In the data below, find the lines containing "Jednostka" and say how many there are, nothing more.

Task inputs
_ _ _ _ _ _ _

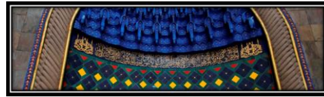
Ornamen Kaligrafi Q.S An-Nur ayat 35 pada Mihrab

_ _ _ _ _ _ _

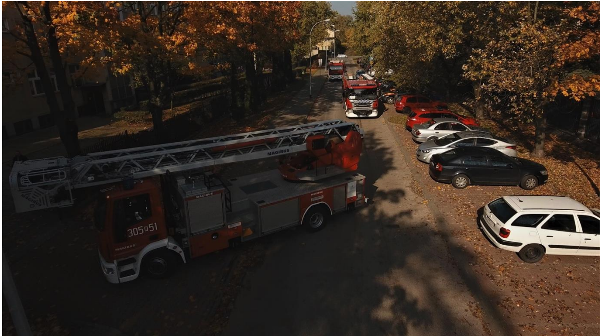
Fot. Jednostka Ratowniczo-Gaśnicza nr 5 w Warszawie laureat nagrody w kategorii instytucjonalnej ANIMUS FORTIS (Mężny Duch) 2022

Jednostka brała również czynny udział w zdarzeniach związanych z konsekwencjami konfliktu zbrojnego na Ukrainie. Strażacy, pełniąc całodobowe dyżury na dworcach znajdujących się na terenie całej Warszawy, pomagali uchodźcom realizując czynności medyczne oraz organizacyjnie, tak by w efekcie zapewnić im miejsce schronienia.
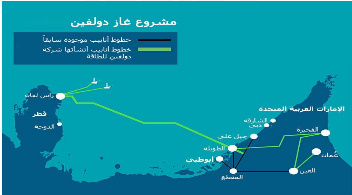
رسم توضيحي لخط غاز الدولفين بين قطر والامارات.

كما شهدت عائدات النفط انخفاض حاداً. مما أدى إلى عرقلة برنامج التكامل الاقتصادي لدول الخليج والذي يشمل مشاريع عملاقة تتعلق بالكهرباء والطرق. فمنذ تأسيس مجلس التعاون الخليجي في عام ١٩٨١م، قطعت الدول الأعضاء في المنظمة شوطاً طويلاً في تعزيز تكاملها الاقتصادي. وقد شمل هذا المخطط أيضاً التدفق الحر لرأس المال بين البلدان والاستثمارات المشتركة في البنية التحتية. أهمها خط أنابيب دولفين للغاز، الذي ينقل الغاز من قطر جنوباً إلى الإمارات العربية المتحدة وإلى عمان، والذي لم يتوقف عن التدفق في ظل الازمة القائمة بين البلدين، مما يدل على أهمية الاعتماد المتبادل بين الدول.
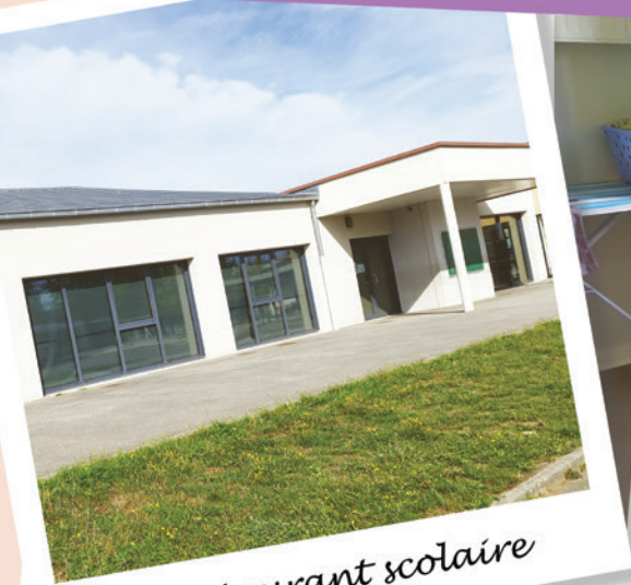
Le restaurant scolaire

_ _ _ _ _ _ _

Worked solution
2